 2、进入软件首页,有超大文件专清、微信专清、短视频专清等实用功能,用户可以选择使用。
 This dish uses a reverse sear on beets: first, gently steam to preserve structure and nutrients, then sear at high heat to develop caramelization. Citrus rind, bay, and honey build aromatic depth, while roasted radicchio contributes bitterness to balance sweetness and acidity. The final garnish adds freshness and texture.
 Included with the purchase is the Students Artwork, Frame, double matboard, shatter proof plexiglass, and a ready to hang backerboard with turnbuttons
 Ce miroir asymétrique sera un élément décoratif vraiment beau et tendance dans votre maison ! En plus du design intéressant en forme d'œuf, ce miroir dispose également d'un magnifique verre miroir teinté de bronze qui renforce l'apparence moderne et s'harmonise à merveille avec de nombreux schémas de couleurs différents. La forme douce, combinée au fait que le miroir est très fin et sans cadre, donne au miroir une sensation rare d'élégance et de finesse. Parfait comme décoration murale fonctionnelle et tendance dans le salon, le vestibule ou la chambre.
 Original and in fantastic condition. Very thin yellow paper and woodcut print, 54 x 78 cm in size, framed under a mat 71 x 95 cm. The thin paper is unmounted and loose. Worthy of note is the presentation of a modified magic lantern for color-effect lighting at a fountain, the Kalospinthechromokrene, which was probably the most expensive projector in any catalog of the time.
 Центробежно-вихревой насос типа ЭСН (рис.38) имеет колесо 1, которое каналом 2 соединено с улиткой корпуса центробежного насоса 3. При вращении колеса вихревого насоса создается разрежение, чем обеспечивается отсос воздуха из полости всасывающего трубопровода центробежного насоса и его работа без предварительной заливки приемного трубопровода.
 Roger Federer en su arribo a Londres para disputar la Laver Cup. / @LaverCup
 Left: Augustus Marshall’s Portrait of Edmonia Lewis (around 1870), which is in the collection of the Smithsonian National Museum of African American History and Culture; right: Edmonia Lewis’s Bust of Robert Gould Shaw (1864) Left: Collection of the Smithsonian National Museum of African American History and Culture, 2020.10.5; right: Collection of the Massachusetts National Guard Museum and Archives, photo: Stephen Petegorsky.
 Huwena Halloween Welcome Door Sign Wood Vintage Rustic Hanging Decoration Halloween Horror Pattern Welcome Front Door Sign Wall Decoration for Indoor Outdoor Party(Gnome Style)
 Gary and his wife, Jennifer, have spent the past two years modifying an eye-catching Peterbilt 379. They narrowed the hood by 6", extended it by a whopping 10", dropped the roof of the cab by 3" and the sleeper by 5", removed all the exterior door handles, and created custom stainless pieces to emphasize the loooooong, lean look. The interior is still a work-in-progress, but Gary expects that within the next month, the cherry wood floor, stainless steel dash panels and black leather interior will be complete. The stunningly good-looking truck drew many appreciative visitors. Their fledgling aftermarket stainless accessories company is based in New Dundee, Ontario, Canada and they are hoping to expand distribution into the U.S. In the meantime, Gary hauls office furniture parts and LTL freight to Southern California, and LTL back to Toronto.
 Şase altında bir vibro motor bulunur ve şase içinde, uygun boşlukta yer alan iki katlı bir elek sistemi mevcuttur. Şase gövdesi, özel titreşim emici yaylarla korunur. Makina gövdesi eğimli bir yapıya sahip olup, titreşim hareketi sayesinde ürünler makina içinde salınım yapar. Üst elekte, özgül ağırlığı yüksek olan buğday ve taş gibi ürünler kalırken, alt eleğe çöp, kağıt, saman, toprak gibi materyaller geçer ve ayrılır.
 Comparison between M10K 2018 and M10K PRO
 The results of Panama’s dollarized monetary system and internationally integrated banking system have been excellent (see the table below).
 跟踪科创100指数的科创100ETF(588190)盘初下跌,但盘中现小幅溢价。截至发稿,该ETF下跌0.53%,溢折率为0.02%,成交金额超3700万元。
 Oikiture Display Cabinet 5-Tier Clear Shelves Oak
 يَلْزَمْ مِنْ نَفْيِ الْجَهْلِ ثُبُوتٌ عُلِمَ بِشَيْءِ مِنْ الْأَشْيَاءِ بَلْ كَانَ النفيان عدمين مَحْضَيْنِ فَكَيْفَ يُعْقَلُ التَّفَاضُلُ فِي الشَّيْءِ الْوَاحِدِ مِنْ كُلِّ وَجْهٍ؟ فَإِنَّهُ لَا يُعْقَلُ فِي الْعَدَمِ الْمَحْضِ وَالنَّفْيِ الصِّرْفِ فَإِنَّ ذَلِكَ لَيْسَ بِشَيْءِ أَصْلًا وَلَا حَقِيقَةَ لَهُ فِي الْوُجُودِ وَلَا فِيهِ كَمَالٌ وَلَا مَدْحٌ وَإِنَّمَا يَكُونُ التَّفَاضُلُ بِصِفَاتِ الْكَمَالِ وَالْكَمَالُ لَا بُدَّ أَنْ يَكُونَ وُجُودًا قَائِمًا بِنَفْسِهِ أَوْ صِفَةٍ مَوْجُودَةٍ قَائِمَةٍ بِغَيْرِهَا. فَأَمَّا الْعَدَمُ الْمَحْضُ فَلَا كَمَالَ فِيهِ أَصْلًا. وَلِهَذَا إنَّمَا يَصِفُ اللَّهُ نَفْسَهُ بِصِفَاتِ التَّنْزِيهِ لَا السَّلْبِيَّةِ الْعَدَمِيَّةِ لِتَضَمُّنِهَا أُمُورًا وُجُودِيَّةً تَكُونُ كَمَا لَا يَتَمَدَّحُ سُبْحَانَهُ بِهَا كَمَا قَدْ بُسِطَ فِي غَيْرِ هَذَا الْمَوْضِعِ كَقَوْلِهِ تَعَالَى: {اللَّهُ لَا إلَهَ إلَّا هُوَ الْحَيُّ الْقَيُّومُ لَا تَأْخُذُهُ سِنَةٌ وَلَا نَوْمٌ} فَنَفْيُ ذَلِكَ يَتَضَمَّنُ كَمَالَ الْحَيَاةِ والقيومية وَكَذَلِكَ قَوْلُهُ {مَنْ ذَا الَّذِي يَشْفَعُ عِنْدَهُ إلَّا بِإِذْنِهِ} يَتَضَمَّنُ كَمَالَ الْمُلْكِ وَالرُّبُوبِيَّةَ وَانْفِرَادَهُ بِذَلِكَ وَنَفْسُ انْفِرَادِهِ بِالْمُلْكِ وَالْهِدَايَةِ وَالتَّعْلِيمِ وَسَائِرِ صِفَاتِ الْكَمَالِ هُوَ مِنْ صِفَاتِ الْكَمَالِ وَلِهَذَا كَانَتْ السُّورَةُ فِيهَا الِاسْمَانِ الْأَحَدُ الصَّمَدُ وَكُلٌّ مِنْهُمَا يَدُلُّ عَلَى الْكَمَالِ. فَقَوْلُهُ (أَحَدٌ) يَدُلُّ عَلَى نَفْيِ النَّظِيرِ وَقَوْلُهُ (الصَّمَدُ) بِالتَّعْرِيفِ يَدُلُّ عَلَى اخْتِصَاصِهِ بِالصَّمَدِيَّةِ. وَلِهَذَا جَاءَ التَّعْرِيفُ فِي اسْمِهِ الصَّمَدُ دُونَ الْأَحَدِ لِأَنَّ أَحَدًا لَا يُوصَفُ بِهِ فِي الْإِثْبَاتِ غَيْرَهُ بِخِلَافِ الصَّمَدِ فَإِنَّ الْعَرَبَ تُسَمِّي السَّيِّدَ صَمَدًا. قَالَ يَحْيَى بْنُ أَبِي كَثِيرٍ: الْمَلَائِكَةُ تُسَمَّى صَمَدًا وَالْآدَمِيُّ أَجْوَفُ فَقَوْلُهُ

Task instructions => Your job is to return all lines above that hold the word "which".

Answer below =>
 Original and in fantastic condition. Very thin yellow paper and woodcut print, 54 x 78 cm in size, framed under a mat 71 x 95 cm. The thin paper is unmounted and loose. Worthy of note is the presentation of a modified magic lantern for color-effect lighting at a fountain, the Kalospinthechromokrene, which was probably the most expensive projector in any catalog of the time.
 Left: Augustus Marshall’s Portrait of Edmonia Lewis (around 1870), which is in the collection of the Smithsonian National Museum of African American History and Culture; right: Edmonia Lewis’s Bust of Robert Gould Shaw (1864) Left: Collection of the Smithsonian National Museum of African American History and Culture, 2020.10.5; right: Collection of the Massachusetts National Guard Museum and Archives, photo: Stephen Petegorsky.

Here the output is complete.